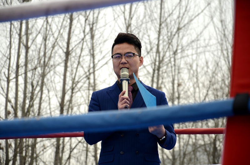 武林风中国勇士、全国散打冠军董文飞、张德政上台讲话
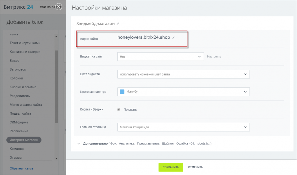Мы переработали интерфейс выбора цвета для сайтов и интернет-магазинов. Теперь вы можете выбрать любой цвет для текста и фона, изменить непрозрачность цвета и фоновое изображение блоков.
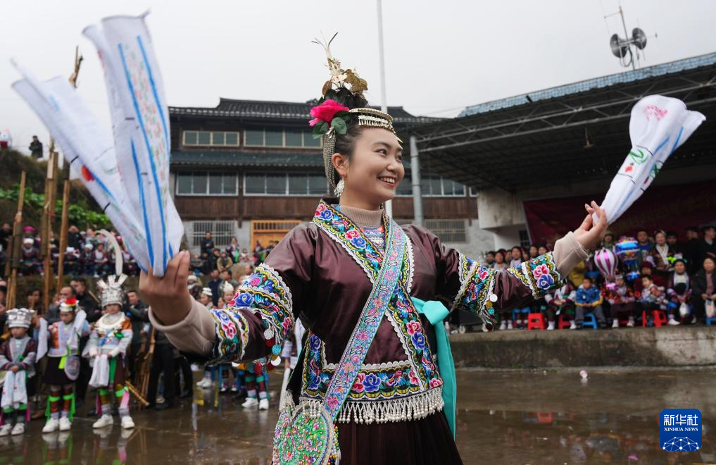 1月11日,在广西柳州市融水苗族自治县杆洞乡锦洞村,苗家女载歌载舞。当日是农历腊月初一,当地迎来一年一度的苗年节。新华社发 (龙涛 摄)

============================================================

WHAT TO WORK ON: The line containing "Мы переработали интерфейс" and every line after it, up to the last line of the data, should be returned exactly, without the pictures.

SOLUTION TO THIS PROBLEM:
Мы переработали интерфейс выбора цвета для сайтов и интернет-магазинов. Теперь вы можете выбрать любой цвет для текста и фона, изменить непрозрачность цвета и фоновое изображение блоков.
 1月11日,在广西柳州市融水苗族自治县杆洞乡锦洞村,苗家女载歌载舞。当日是农历腊月初一,当地迎来一年一度的苗年节。新华社发 (龙涛 摄)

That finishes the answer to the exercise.